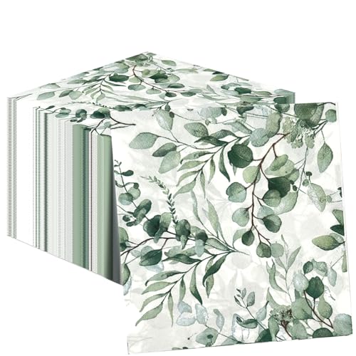 GOTRUST 100 st servetter eukalyptus, 2-lagers servetter bröllop grön vit, bordsdekoration pappersservetter eukalyptus för nattvardsgång dop födelsedagar fester baby shower trädgård
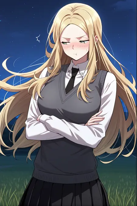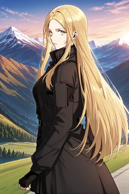 韩吉,1女孩,单人,鼠尾草绿眼睛,长发,金发,中分刘海,长侧发,
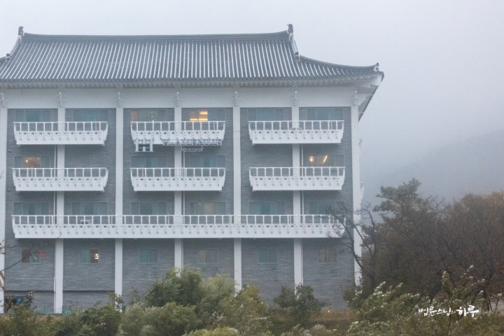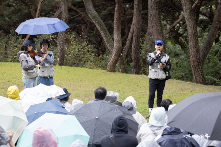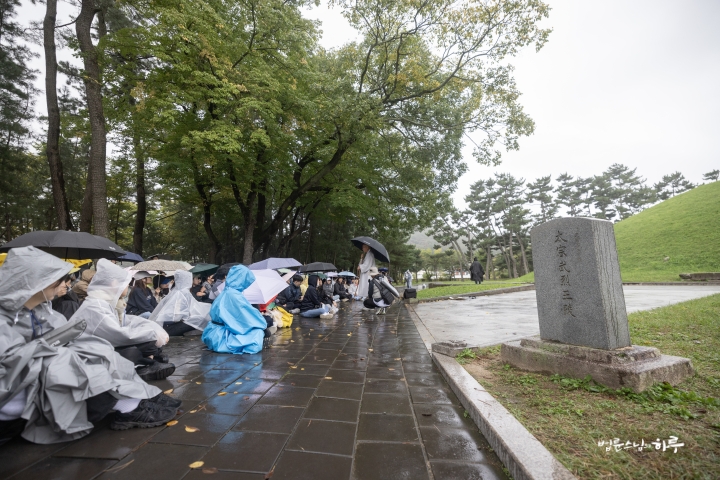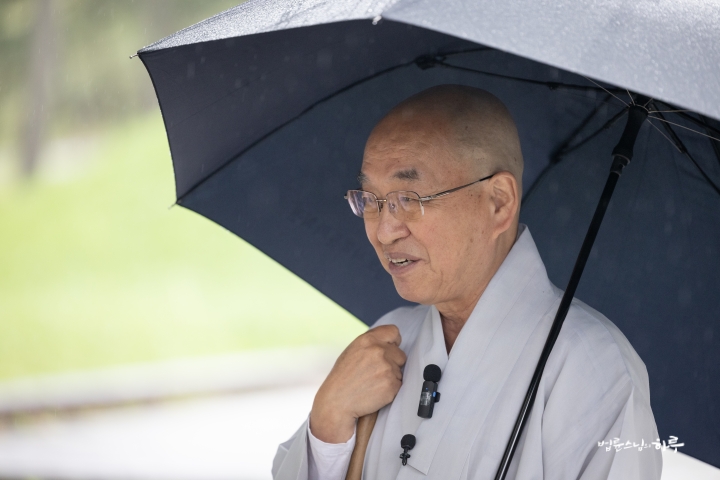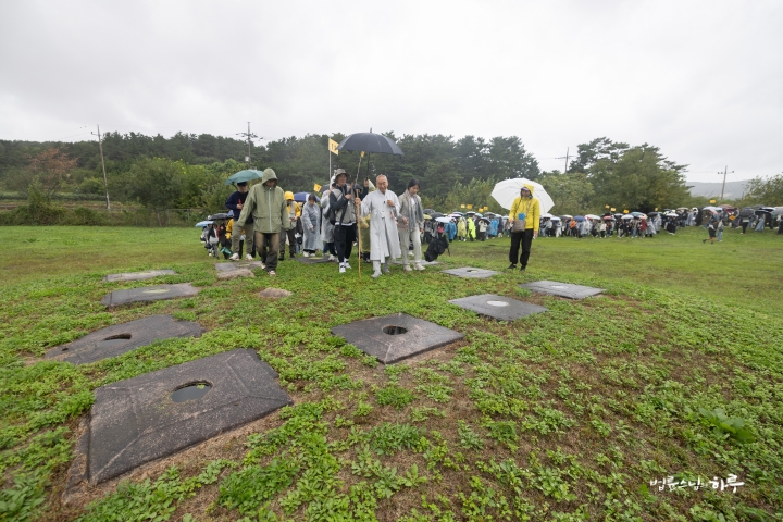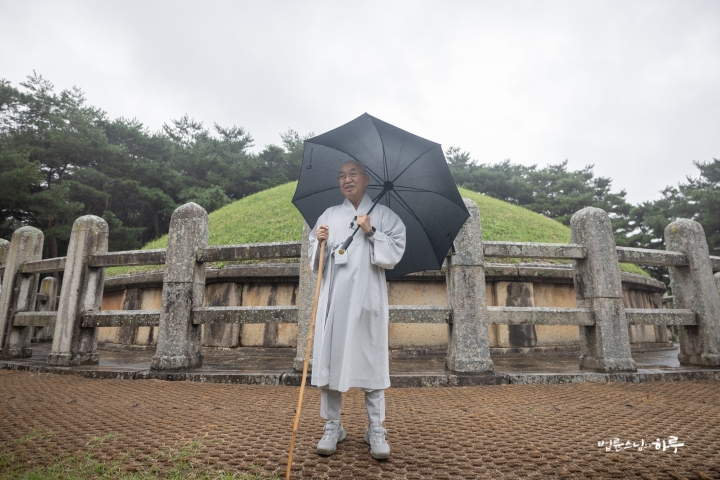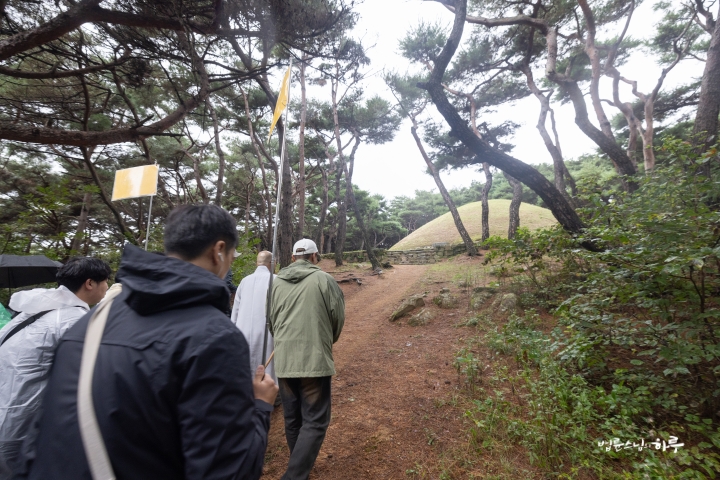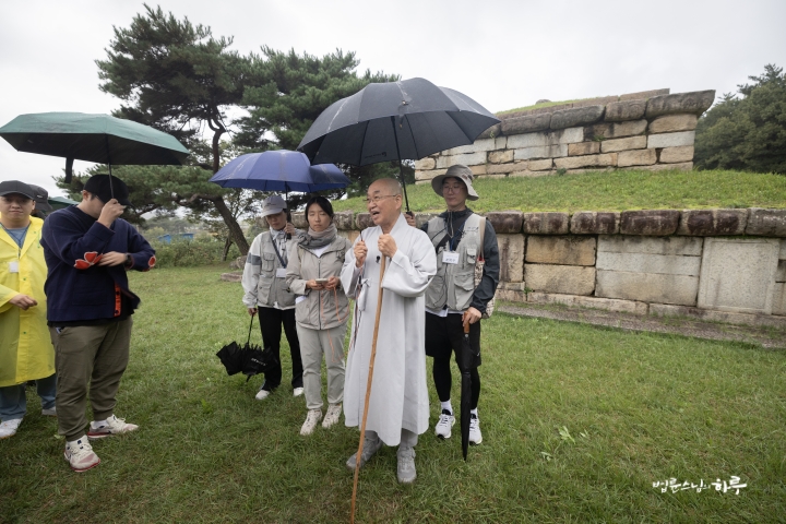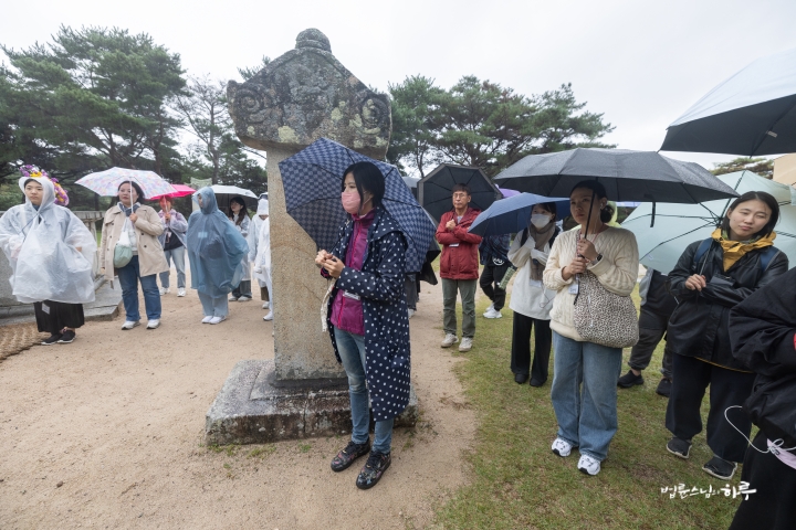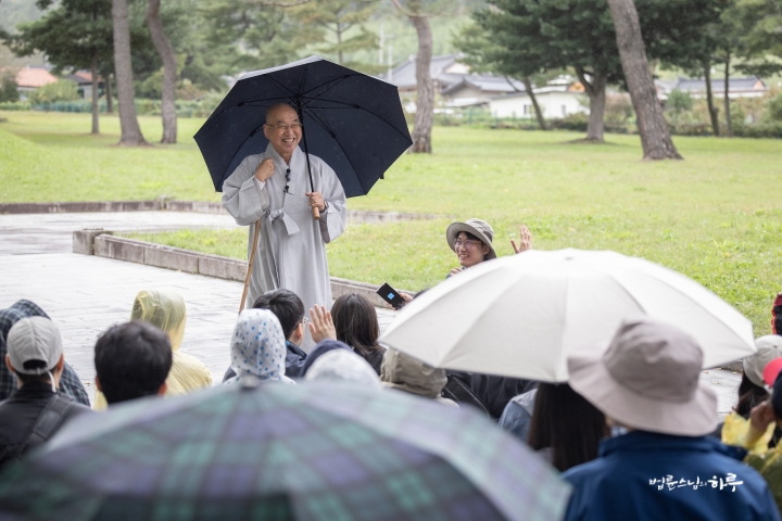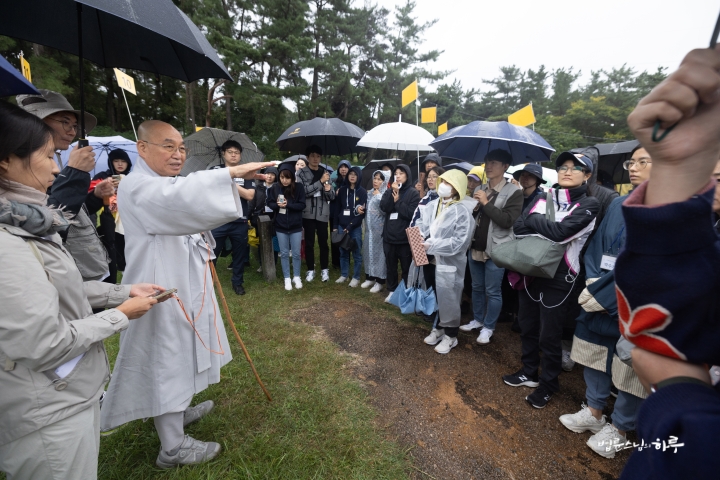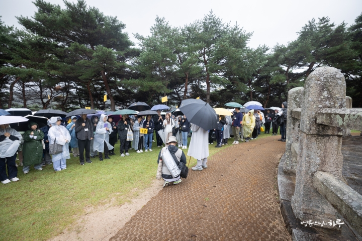 The sun was already setting. The group descended the mountain path again and headed towards Neungji Pagoda, built at King Munmu’s cremation site. As the rain got heavier, Sunim wrapped up his explanation briefly.
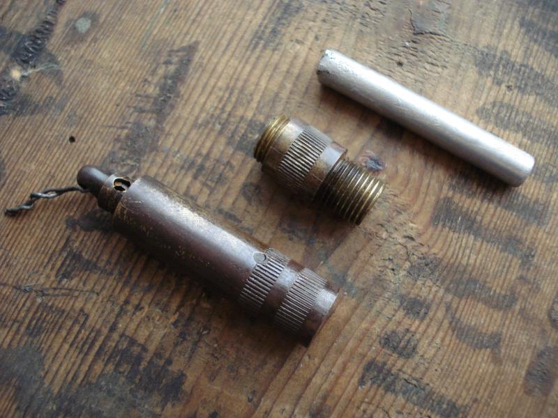 1940 dated brass ZZ-35 pull igniter & Aluminium Sprengkapseln Nr.8 as used in many mines, booby traps & demolition charges. INERT/F.F.E
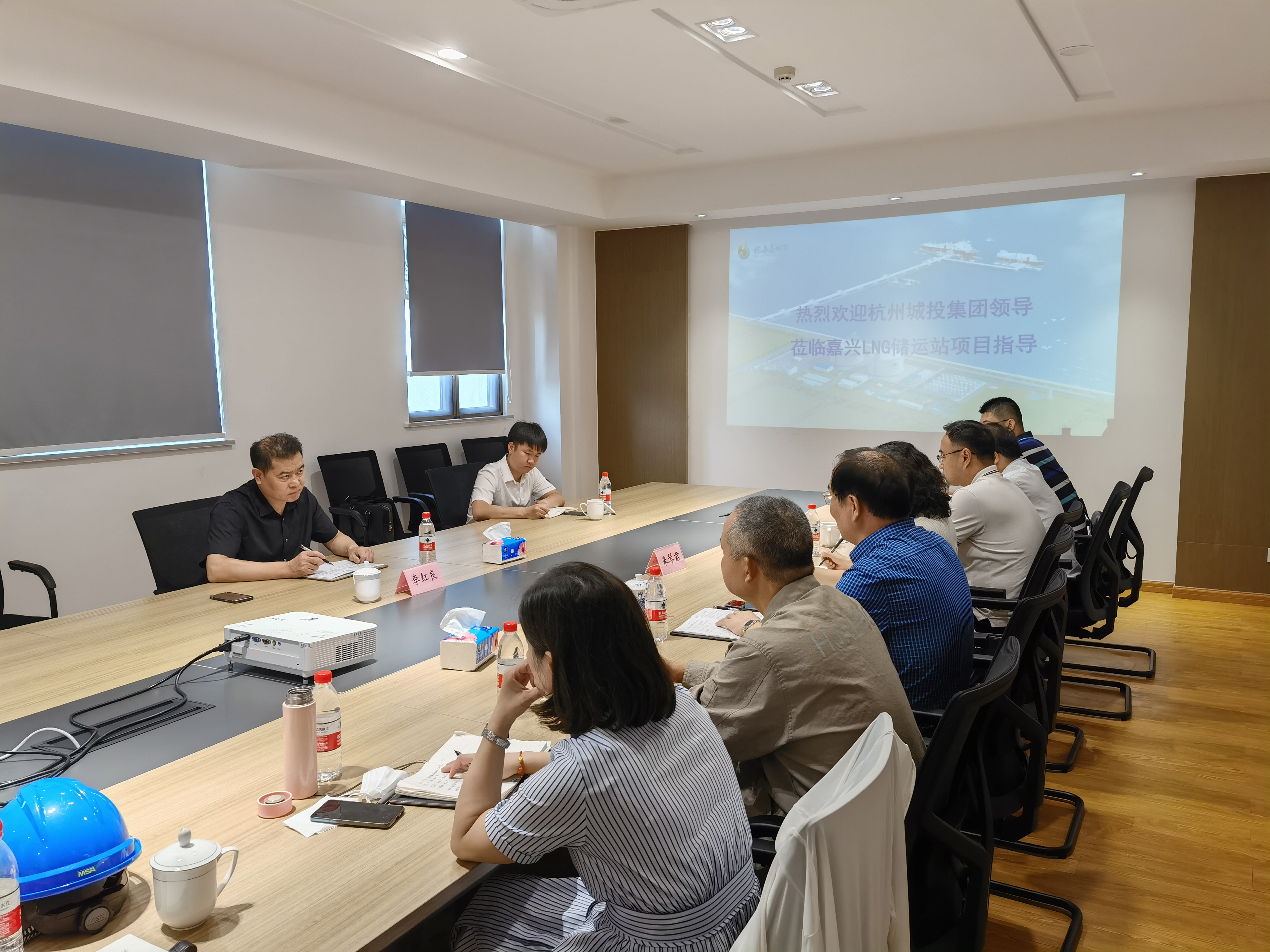 李总一行参观了嘉兴储运站码头工程施工现场、LNG库区并在会议室座谈交流。杭嘉鑫孙连清总经理详细汇报了项目基本情况、建设历程、投产进度、LNG上游资源采购及当前工作要点。朱琴君对孙总带领杭嘉鑫公司全体员工历时五年攻坚克难推进项目建设表示感谢,并表示杭燃、嘉燃双方股东应继续多交流多沟通,共同应对国际天然气供应局势,推动杭嘉鑫、杭嘉液公司良性发展。
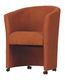 Moderní křeslo na kolečkách vhodné do kavárenských prostor, ale i domácností. Je čalouněné hnědou látkou mikrofáze.
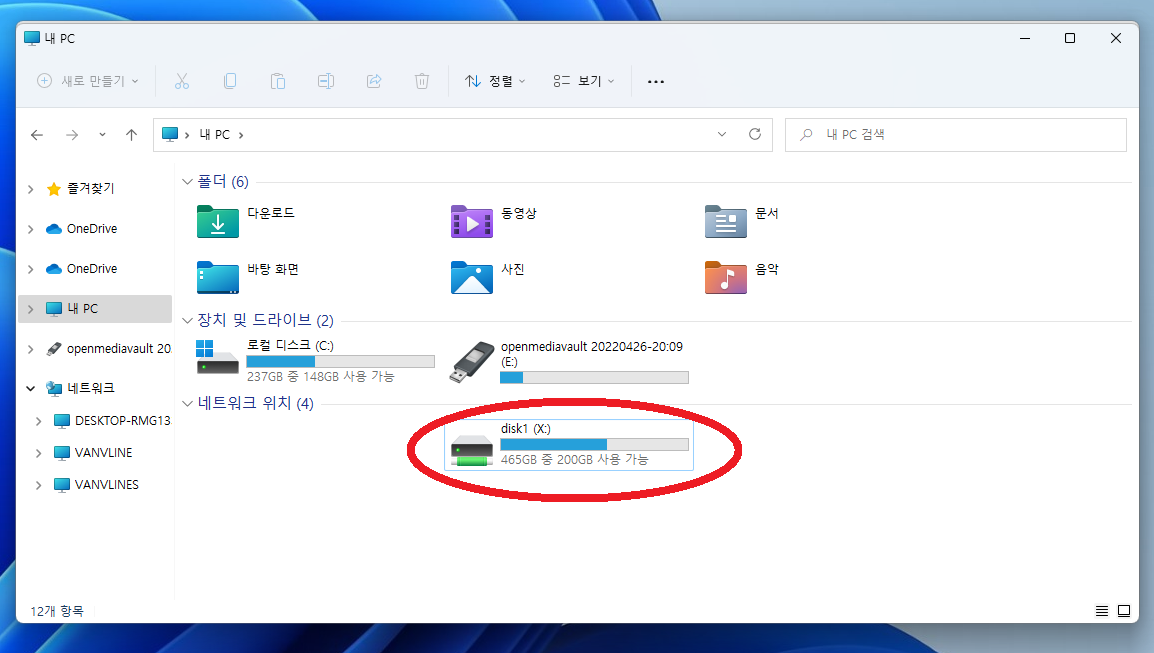 ▲ 그럼 공유 폴더로 설정한 디스크가 나타납니다.
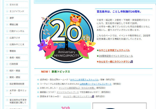 2005年に平良市、城辺町、上野村、下地町、伊良部町の5市町村が合併して誕生した宮古島市は市制施行20周年を迎える。
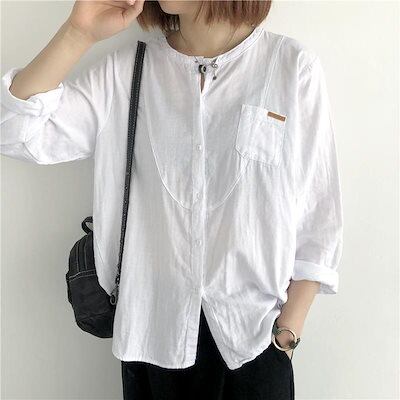シャツ レディース ブラウス 春 夏 秋 40代 リネンシャツ パーカー ガーゼ 長袖 シャツブラウス 綿麻トップス 着心地 大人 ゆったり 体型カバー

══════

Pictures in the records above are left out; print everything else exactly as written.

## Output of the task:
 GOTRUST 100 st servetter eukalyptus, 2-lagers servetter bröllop grön vit, bordsdekoration pappersservetter eukalyptus för nattvardsgång dop födelsedagar fester baby shower trädgård
 韩吉,1女孩,单人,鼠尾草绿眼睛,长发,金发,中分刘海,长侧发,
 The sun was already setting. The group descended the mountain path again and headed towards Neungji Pagoda, built at King Munmu’s cremation site. As the rain got heavier, Sunim wrapped up his explanation briefly.
 1940 dated brass ZZ-35 pull igniter & Aluminium Sprengkapseln Nr.8 as used in many mines, booby traps & demolition charges. INERT/F.F.E
 李总一行参观了嘉兴储运站码头工程施工现场、LNG库区并在会议室座谈交流。杭嘉鑫孙连清总经理详细汇报了项目基本情况、建设历程、投产进度、LNG上游资源采购及当前工作要点。朱琴君对孙总带领杭嘉鑫公司全体员工历时五年攻坚克难推进项目建设表示感谢,并表示杭燃、嘉燃双方股东应继续多交流多沟通,共同应对国际天然气供应局势,推动杭嘉鑫、杭嘉液公司良性发展。
 Moderní křeslo na kolečkách vhodné do kavárenských prostor, ale i domácností. Je čalouněné hnědou látkou mikrofáze.
 ▲ 그럼 공유 폴더로 설정한 디스크가 나타납니다.
 2005年に平良市、城辺町、上野村、下地町、伊良部町の5市町村が合併して誕生した宮古島市は市制施行20周年を迎える。
シャツ レディース ブラウス 春 夏 秋 40代 リネンシャツ パーカー ガーゼ 長袖 シャツブラウス 綿麻トップス 着心地 大人 ゆったり 体型カバー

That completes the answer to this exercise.